他话锋一转,目光再次变得锐利:“不过,你处心积虑进入我家,获取我家人的信任——这总该给个合理的解释吧?”
徐浪一边戴回墨镜,一边笑道:
“康德先生,这话就过分了。你觉得你家里,或者香婆婆、奈奈子,有什么值得我追求的东西?”
康德一愣。
是啊。
这小子什么身份?
岛国各大财团都争相巴结的对象。
他何德何能,凭什么让这种人物处心积虑接近自己?
这个问题他想不明白。
但有自知之明——他身上,或者他家里,确实没什么能吸引这种人的东西。
“我想知道关于轩辕剑的信息。”徐浪轻描淡写地说。
康德脸色骤变。
他猛地瞪大眼睛,难以置信地盯着徐浪,整个人像被雷劈中一般僵在原地。
“你......你想知道轩辕剑?”他的声音发颤,“你怎么知道......”
话没说完,他硬生生咬住嘴唇,生生把后半句咽了回去。
徐浪暗暗皱眉。
看这反应,康德果然知道。
“我不管你有什么目的,也不管你是谁,更没兴趣知道你怎么知道轩辕剑的——”康德深吸一口气,脸色阴沉得能滴出水,“我警告你,立刻离开我家,离开这座城市,离开我们国家!”

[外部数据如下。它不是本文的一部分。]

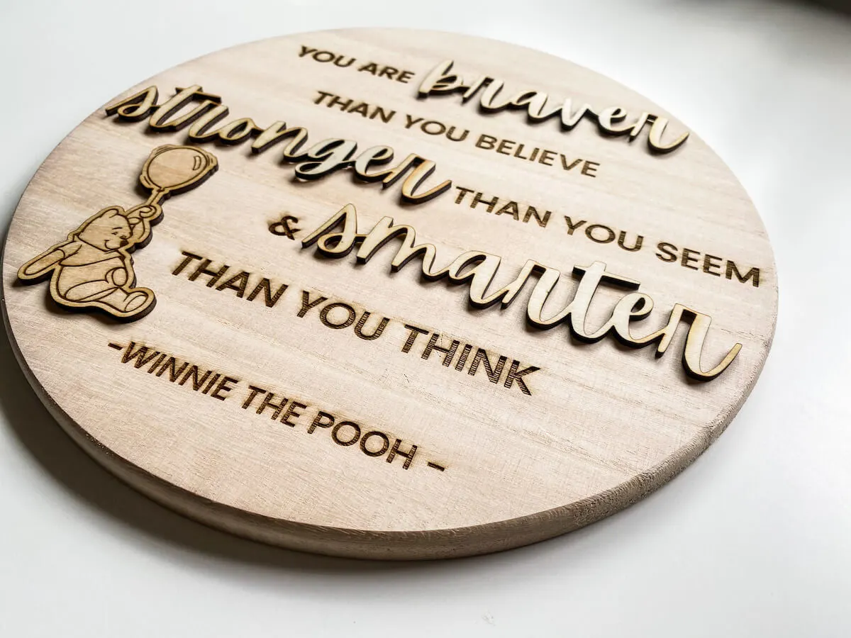 The inspiration for this particular wooden laser engraved sign was for my great niece’s first birthday. The theme was Winnie The Pooh and I just loved the idea of having this quote on display in her room as she grows up.
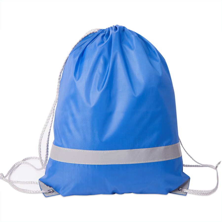 Просто и безопасно! Рюкзак-мешок RAY из полиэстера 210Dсо светоотражающей полосой спереди, светоотражающими уголками,усиленными металлическими люверсамиЛегко и просто затягивается по верхней части серыми шнурами.Синий цвет близкий к Pantone 3506C
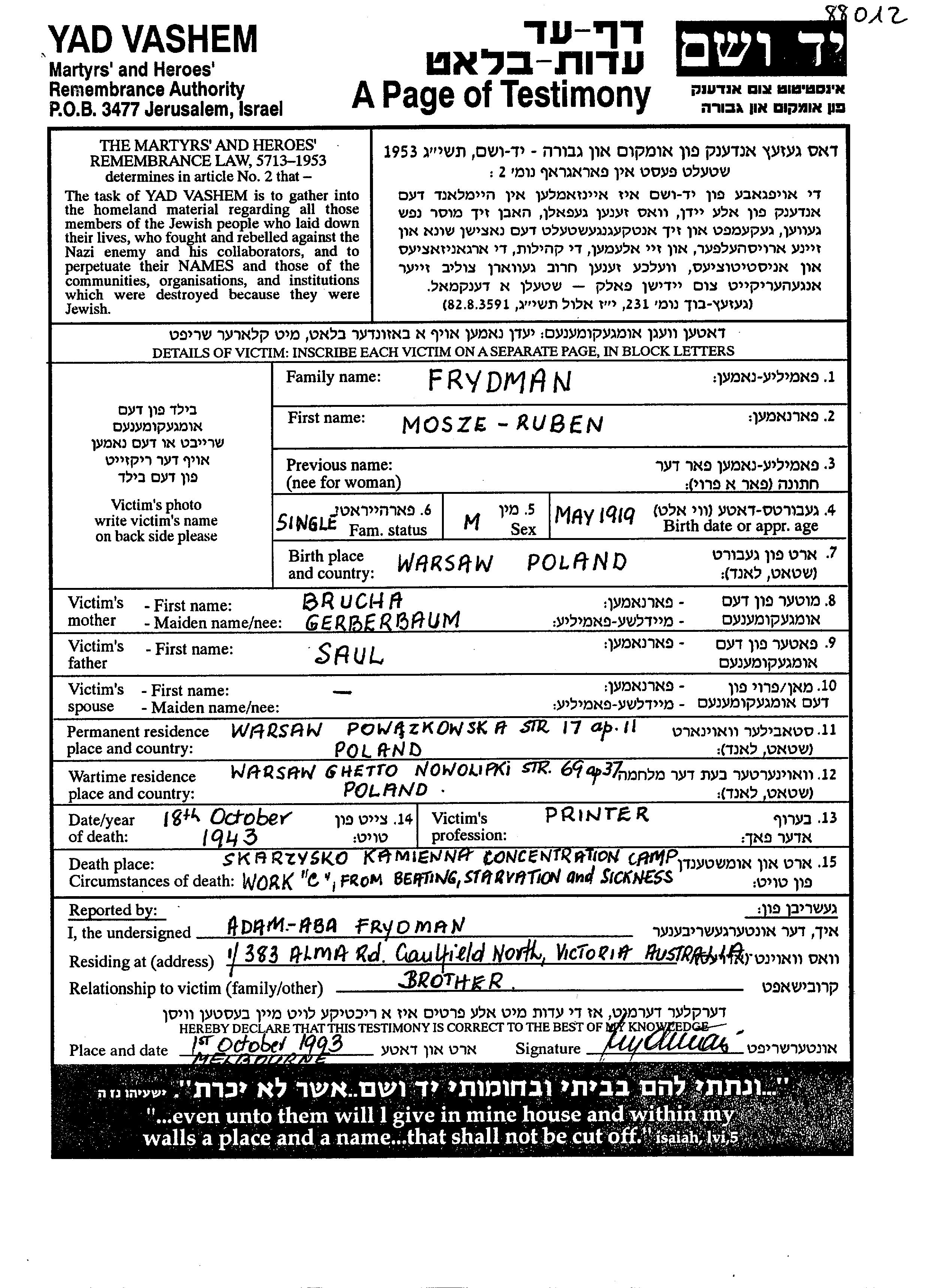 Frydman Mosze Reuven 1919 Warszawa, Pologne Feuille de témoignage
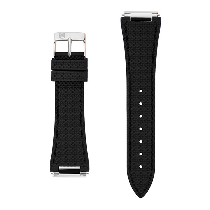 Ремешок: Браслет с литыми звеньями из нержавеющей стали, пружинная система быстрой замены ремешка/браслета, браслетная застежка тройного сложения “бабочка” раскладывается при нажатии на кнопки двойной фиксации. В комплекте идет каучуковый ремешок с тиснением.
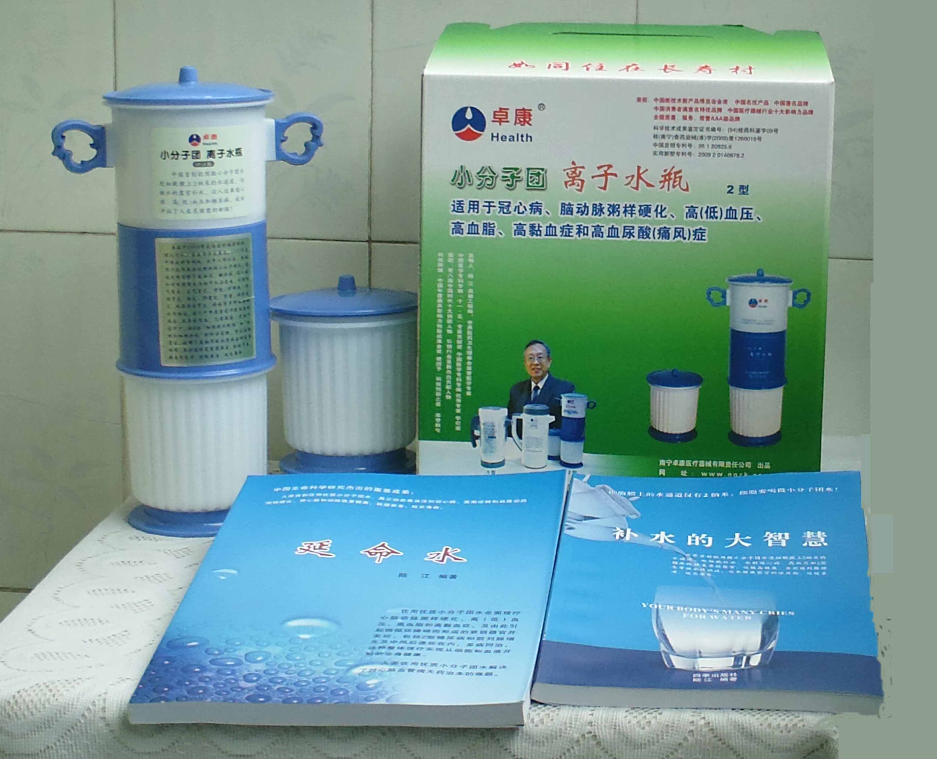 本品大量用戶的使用效果表明,能治愈冠心病、腦動脈硬化、原發(fā)性高(低)血壓、高血脂、高粘血癥、高血尿酸癥(痛風)和2型糖尿病、衰弱器官并發(fā)癥(前列腺增生、腎衰與尿毒癥)及中風后遺癥等療效好。產品配信譽卡。使用壽命30年,不換芯,易清洗。團購優(yōu)惠。從郵局匯款,匯費1%,地址按本頁下方地址、聯系人寫。從銀行匯款,請點擊[聯系匯款]欄,從工商銀行匯款,建設銀行、農業(yè)銀行匯款,均免收匯費,匯款后20--30分鐘內發(fā)短信,可用微信轉帳,均免匯費,微信號即手機號13768308380。匯款后,告知你的姓名和地址,我公司聯系人手機號是:13768308380卓康牌離子水瓶為我公司獨家生產,郵購產品配《補水的大智慧》彩印書一本,另配四季出版社出版的新書《補水的大智慧》一本,并配光盤一張(含央視主持人釆訪陸江的對話視頻)。目前市場和"淘寶網"上有人兜售假冒的偽品,望讀者審察辯別真?zhèn)危旒僬哓飧`假冒本公司的各種證、獲獎獎項、專利號和外包裝盒上的中英文字,包括科技成果的鑒定意見等,請讀者注意防偽。如何識別假貨?已經買了假貨怎么辦?(請點擊[打假掠影][打假掠影])。

他死死盯着徐浪:“看在你昨晚救我女儿的份上,今天的事,我可以保证不说出去!”
“康德先生。”徐浪试图说服他,“别激动。我只是想问一个问题——”
“没听清楚我说的话吗?”康德打断他,眼中已浮现出焦急和愤怒。
他不想沾上这件事。
沾上,就是祸及全家的灾难。
徐浪叹了口气。
忍者的固执不在于脾性,而在于保密的那股韧性。
一名合格的忍者,首要条件就是嘴严。
一旦涉及不能吐露的秘密,就算死也不会说。
他沉吟片刻,换了个方式。
“康德先生,我会在这座城市暂留两天。每晚八点,去你女儿工作的酒吧。两天后,我离开。”
他看着康德,语气严肃起来:
“如果你愿意坐下来和我好好谈谈,我发誓,一定会报答你。这份回报,绝对能让你满意——也是你现在最需要的。”
他顿了顿,一字一顿:
“希望你能好好考虑。尽管我是华人,但我是一个重诚信的华人。做生意讲究诚信,我能把生意做这么大,这一点你完全可以相信我。”
说完,他转身朝巷口走去。
康德站在原地,望着那道渐行渐远的背影,目光阴晴不定。
两天。
每晚八点。
女儿工作的酒吧。
他攥紧的拳头慢慢松开,又慢慢攥紧。
不知在想些什么。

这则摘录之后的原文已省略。